The Alkaline Diet: Eat the Rainbow by Life Water Ionizers
Food, not Skittles. Eating the Rainbow refers to including all different colors of fruits and vegetables in your diet. Besides adding color to your meals, eating all colors fruits of vegetables has a health benefit: Each color represents a different group of nutrients. By eating all colors of fruits and vegetables, you will get the health benefits of a more nutritionally complete diet. This article is the first in a series on eating the rainbow that will appear on the Life Ionizers blog this month. Below is a handy guide to the nutritional benefits of fruits and vegetables based on color.
An important note for arthritis and fibromyalgia sufferers
Regardless of what color they are, you should not eat Nightshade vegetables. Nightshades trigger the pain and inflammation of arthritis and the flare-ups of fibromyalgia. Stop eating nightshades, and you will likely feel significant relief from your pain in about 2 – 3 days.
Nightshade vegetables are:
- Tomato
- Potato
- Eggplant
- Peppers (except black pepper)
The Amazing Antioxidant Power of Purple Foods
Fight aging: The color purple in foods comes from a pigment called anthocyanin, a protective antioxidant. Put purple foods on your plate to help break the spell of aging. There are other antioxidants, like resveratrol, that can be found in purple foods as well. The benefits are many, discover all the benefits of eating purple food in this article.
Purple foods are also high in Vitamins C and K. Vitamin K is potassium, so eating a diet rich in purple foods can help you offset the sodium in your diet. Our bodies use potassium to balance sodium levels.
The blue foods: Yes! Blue is a natural color in food
There aren’t that many blue foods, but like purple foods, blue foods are rich in anthocyanin. Blueberries and blue corn are the most common blue foods. Other blue foods, cornflowers, borage, butterfly blue pea, are not common. All three are flowers, and are usually used as a decorative garnish.
Green foods. Your grandmother was right
Green foods include vegetables and all superfoods, like spirulina and wheat grass. Superfoods are packed with vitamins, minerals, antioxidants, and other beneficial nutrients. Green fruits vegetables are rich in a wide range of vitamins and minerals, so they should take up a substantial portion of your meal.

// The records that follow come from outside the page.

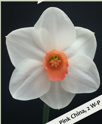
Pink China, 2 W-P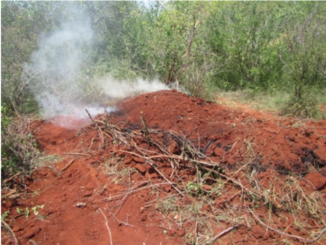
Above: an illegal charcoal kiln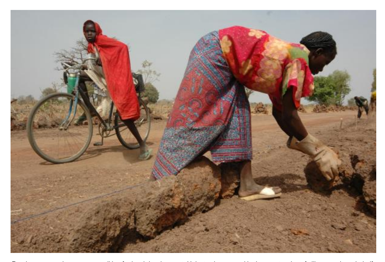
Rural access roads are a precondition for local development. Helvetas is engaged in the construction of village roads on behalf of the Swiss government.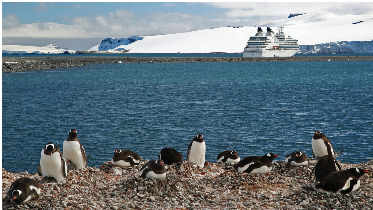
Antarctic cruise penguins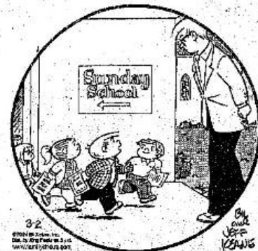
"Today we learned about the Top Ten Commandments."

When: Saturday, Oct. 12, 9AM-3PM Sunday, Oct 13, 8:30AM-1:30PM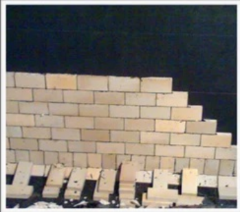
Acid & Alkali Resistant Cement Mortar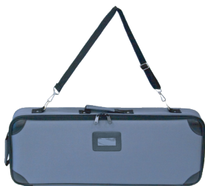
Travel bag is included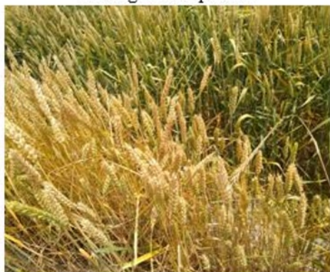
Plants infected with fusarium during milk ripening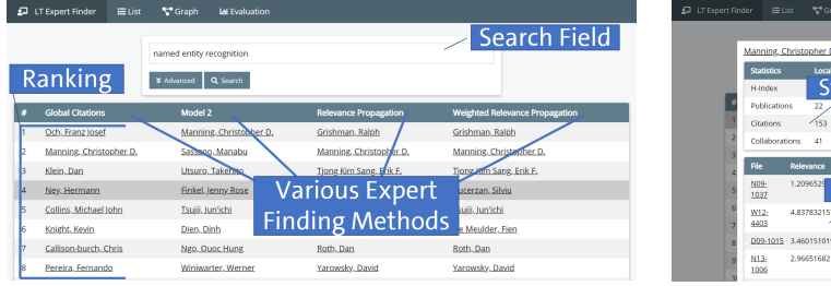
(a) Evaluation view: in this example, four different methods rank experts for the query "Named Entity Recognition". Click-ing authors opens the evidence view (cf. Figure 2b).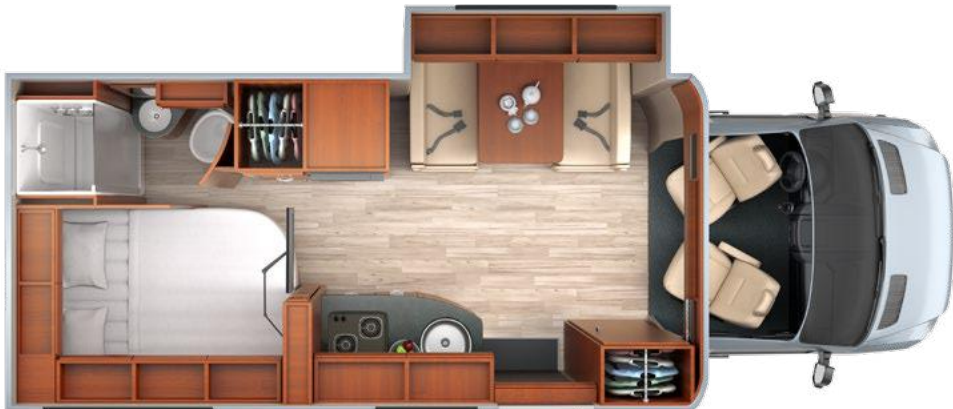
U24CB Corner Bed (Shown with standard Booth Dinette)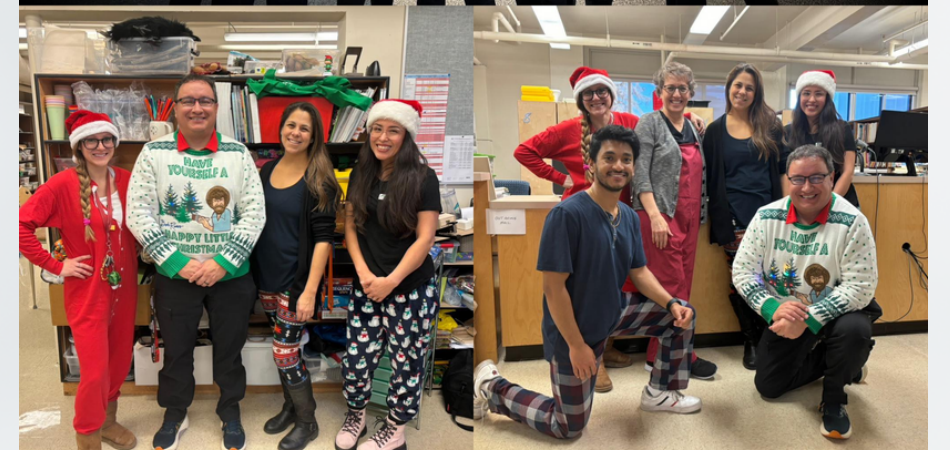
Holiday Wishes from the Indigenous Ed Team and the CRC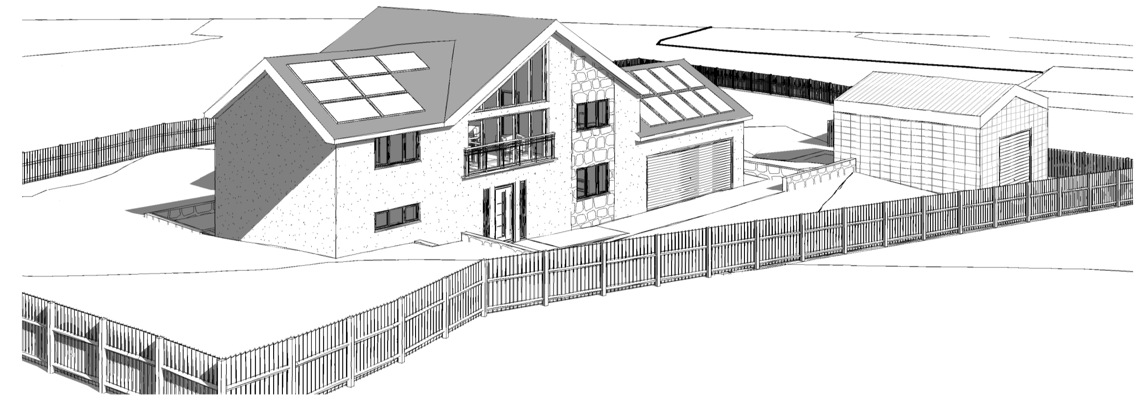
4 3D View 4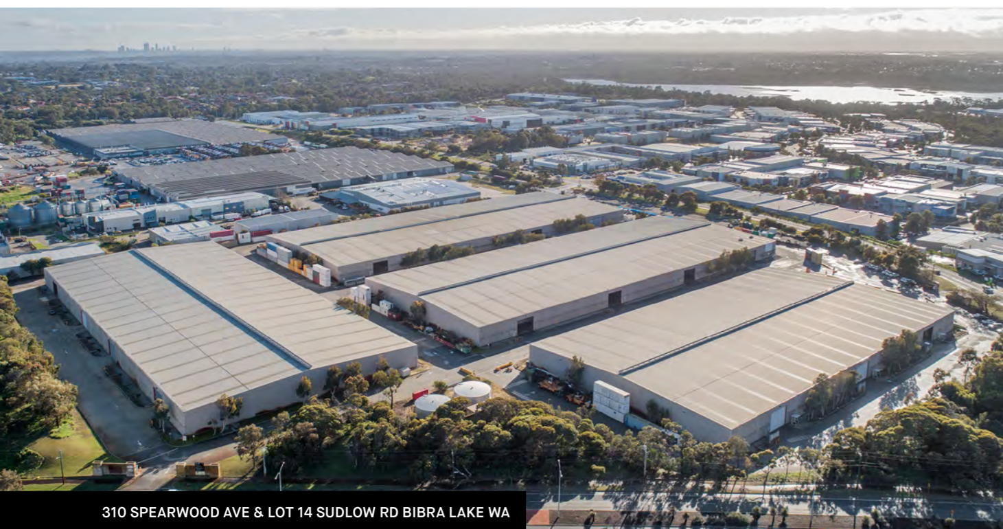
310 SPEARWOOD AVE & LOT 14 SUDLOW RD BIBRA LAKE WA

In addition to the skills and experience set out on the next page, the Board comprises Directors with diverse backgrounds, and an appropriate balance of Directors with strong corporate memory and those that bring an external or fresh perspective.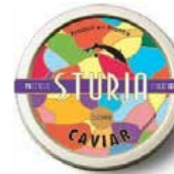
Caviar Prestige Oscietre BRAND: Sturia PACKING: 50 GR ORIGIN: FRANCE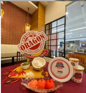
Sili Ice Cream

Satisfy your taste buds with the different Bicol dishes and delicacies offered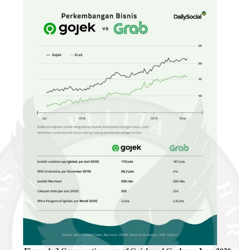
Figure 1. 3 Comparation user of Gojek and Grab per June 2020

Although the Grab users are higher than Gojek users, but according to the results of a survey conducted among 966 respondents, 51 percent of respondents frequently use the GoFood application, 48 percent use the GrabFood application, and only 1% use other delivery services when ordering food online during the COVID-19 pandemic (Daily Social, 2020). This shows that the customer still would prefer to choose using GoFood application rather than GrabFood for food online. It indicates that the customer loyalty at GrabFood is decreasing.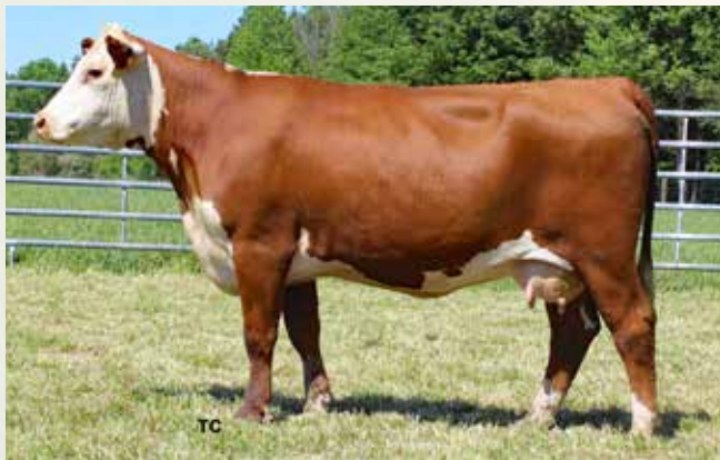
TRM DOLLY 4131 - Lot 22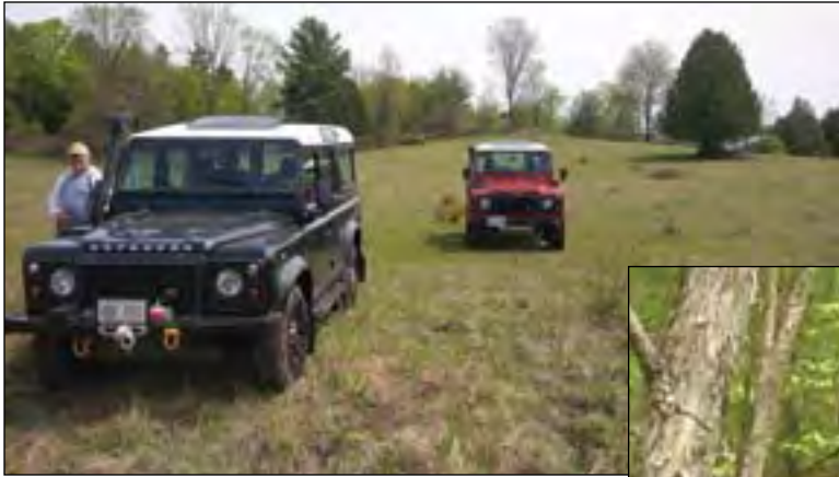
Defenders find the path.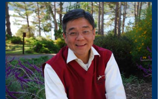
Lee Yih Layman's Foundation, Inc.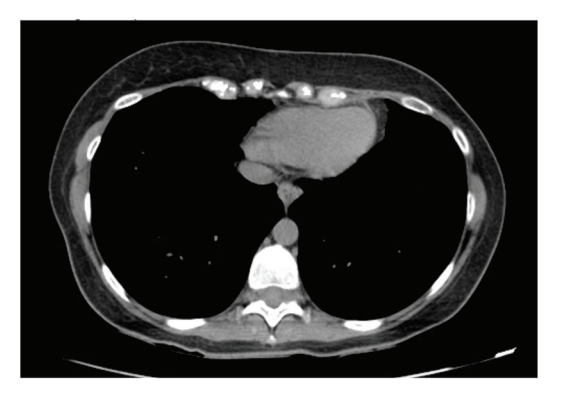
Figure 6. Computed axial tomography analysis after resection of secondary haematogenic implant.

A study involving 139 patients found that complete surgical resection without microscopic residual tumour and contamination is likely to offer the best chance of long-term survival. Aggressive surgery for recurrent sarcoma is recommended [10].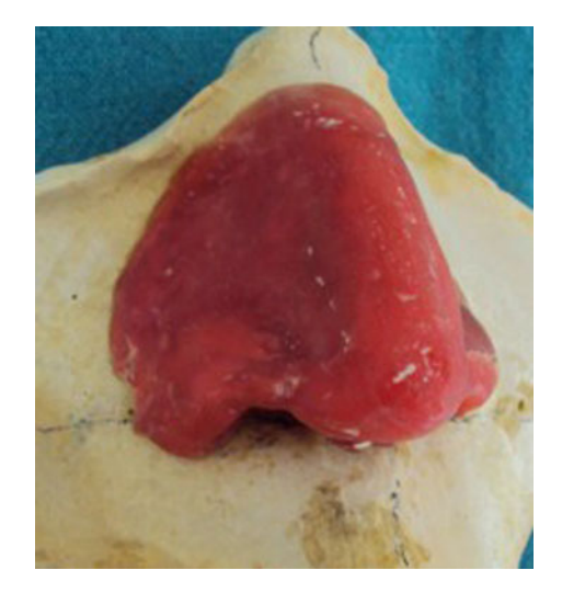
Fig. 3 Wax pattern carved on working model in baseplate wax

Looking good with yellow foods
Your eyes and skin benefit when you eat yellow foods, because they contain carotenoids which are good for vision and healthy skin, and may even help prevent some cancers. Yellow foods include mostly fruits like bananas, but also some vegetables such as corn and yellow peppers.
Orange, not just for Vitamin C
Oranges are the best known orange food, and it’s well known that oranges and other citrus fruits are a great source of Vitamin C. Other orange foods, specifically vegetables like carrots, pumpkin, and sweet potatoes contain beta carotene, which in foods (but NOT supplements!) has been shown to reduce your risk of heart disease and some cancers. Supplements with beta carotene haven’t shown any of those benefits, and may actually make a smokers’ chances of getting cancer worse!
Did you know? Alkaline water from a water ionizer triples the antioxidant benefit of Vitamin C!
An apple a day keeps the doctor away – Red foods
We’ve all heard it, but did you know there is actual science to back it up? It’s true! Red foods like strawberries, cherries, raspberries, watermelon, and tomatoes. The reason? Many red food contain antioxidants such as lycopene and anthocyanins. These antioxidant wonders are believed to fight everything from heart disease to macular degeneration to prostate cancer.